Generally, the early progression of climbing in the U.S. shadowed developments in Europe—the American Alpine Club was founded in 1902, in part born out of a growing awareness of mainstream mountaineering traditions as practiced in the Alps. Thus, by 1911, John Otto’s exploits and techniques were already obsolete; Europe’s climbers were taking to the rock in less impactful ways.

European mountaineers came to the U.S. (for instance the Stettner Brothers, Albert Ellingwood, Fritz Wiessner, Fred Beckey) and imported new skills and techniques that allowed climbers to ascend (and rappel!) hazardous, steep terrain.
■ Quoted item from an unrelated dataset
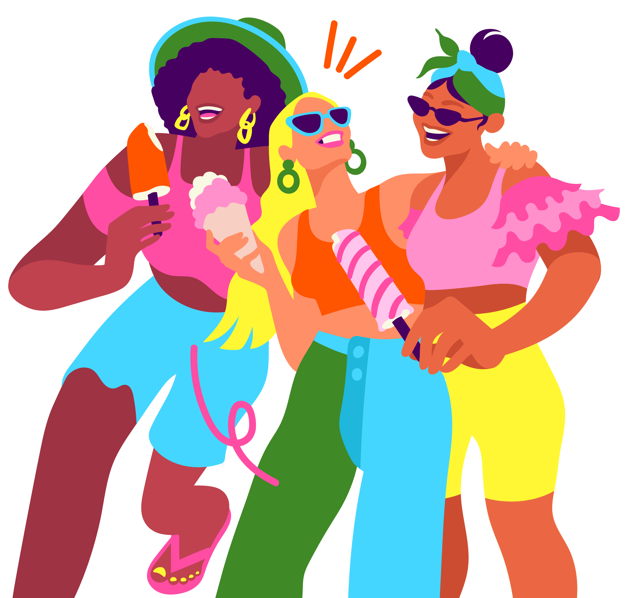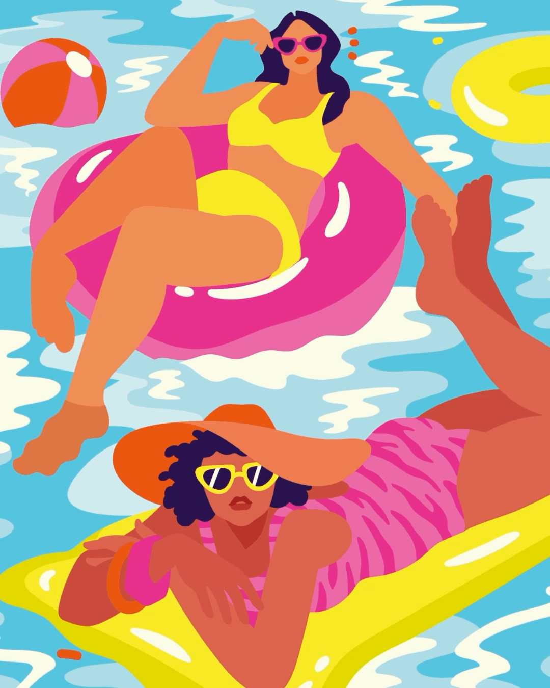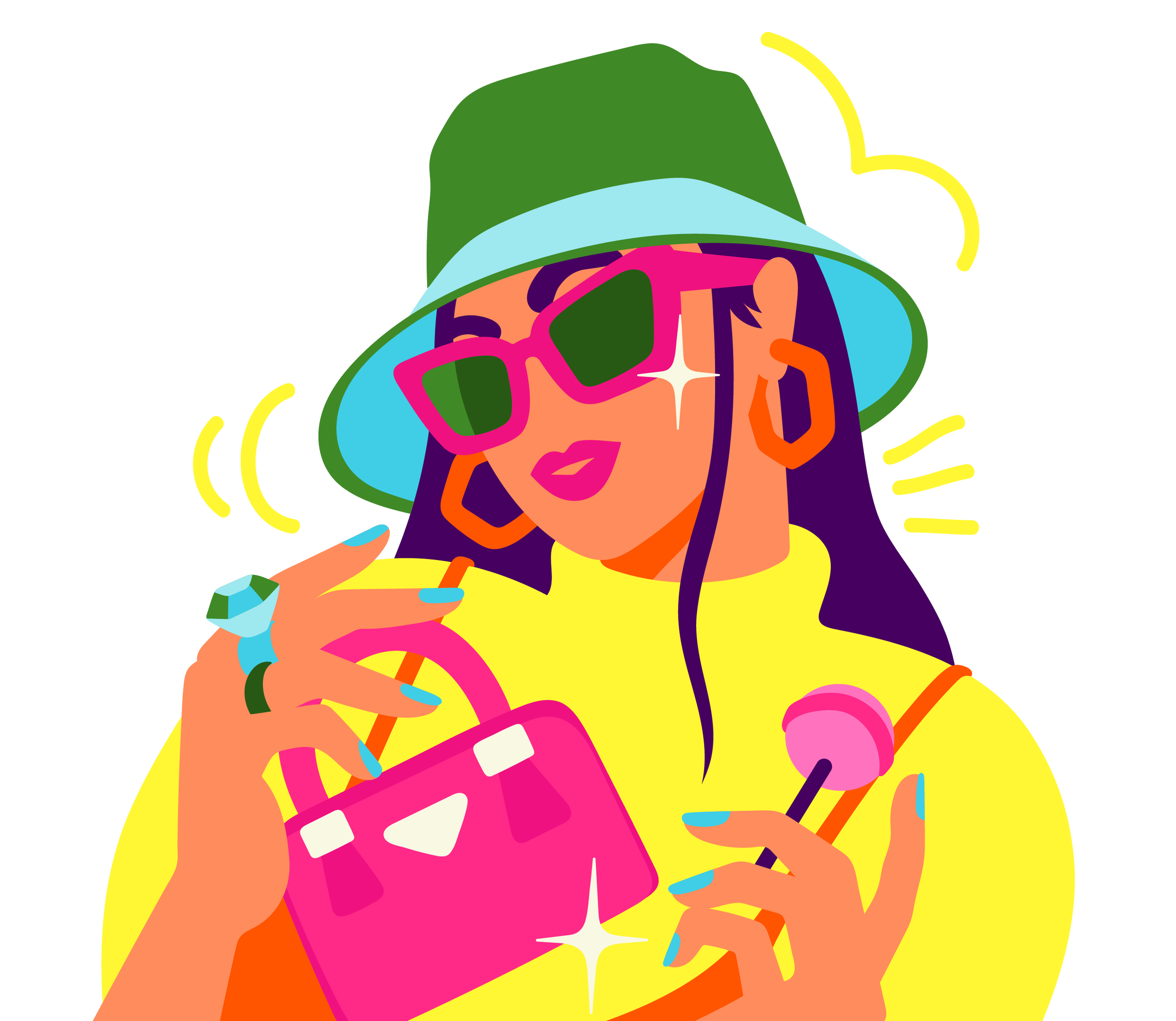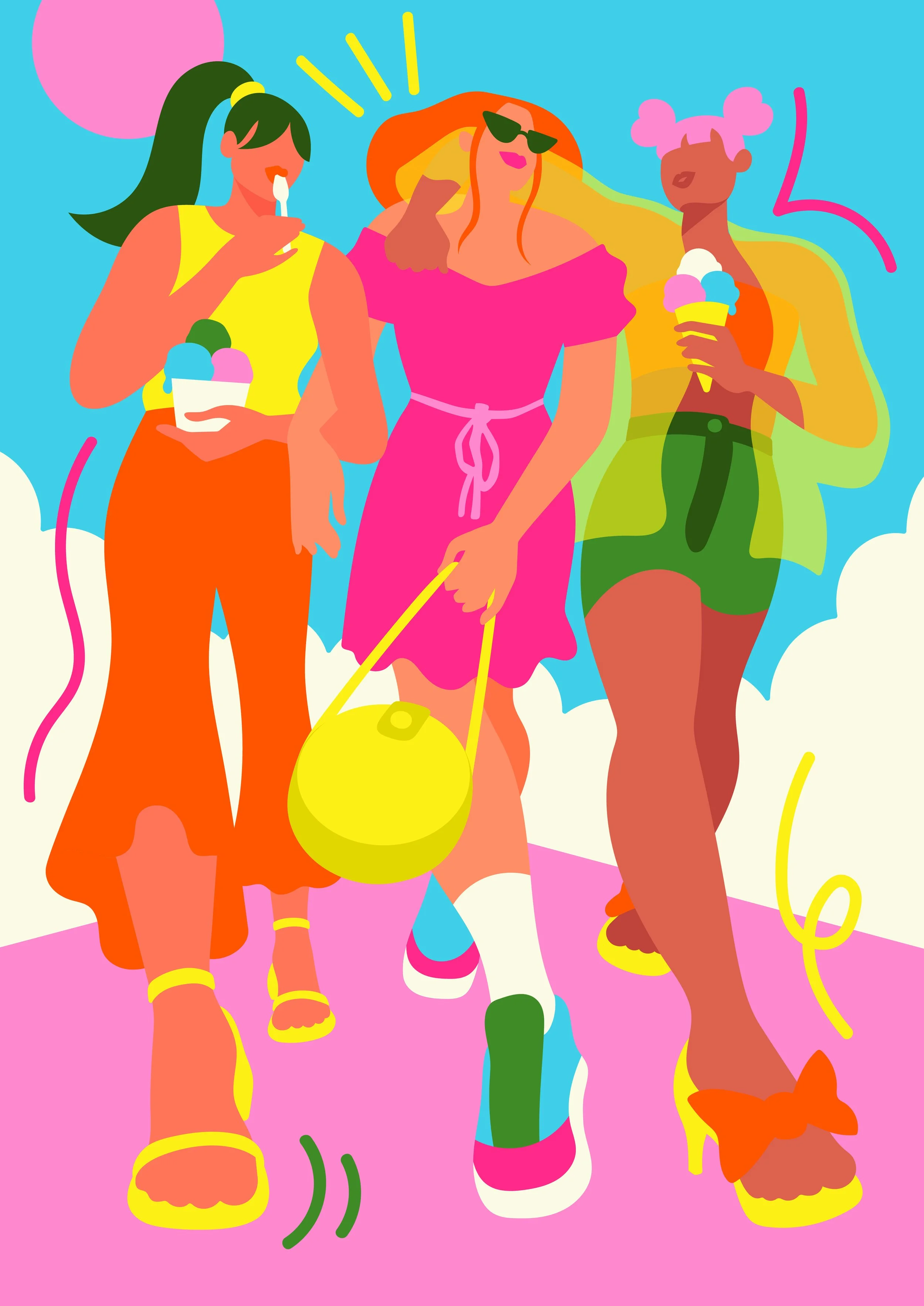 The illustrations were applied across multiple POS elements – from large-scale banners and digital displays to carpet design. Using the Spring/Summer 2023 color palette and strong characters, the visuals were designed to capture visitors’ attention and invite them into a playful world where they could feel empowered and confident.

Ellingwood mentored Colorado Springs-based Robert Ormes, who during the 1930s was emboldened to try out his mountaineering skills on an enticing, unclimbed volcanic plug in New Mexico: Shiprock.

Shiprock appears to be a mountain, yet up close its rounded, massive bulk reveals a maze of vertical cliffs intertwined every which way. During an attempt in 1937, Ormes took a leader fall, pulling one piton out of the rock, and bending a second, which caught his fall. Neither he nor the person paying out the rope (who, guessing what was about to happen, grabbed the rope and wrapped it around his arm) were attached to the cliff with anything else. Ormes never returned.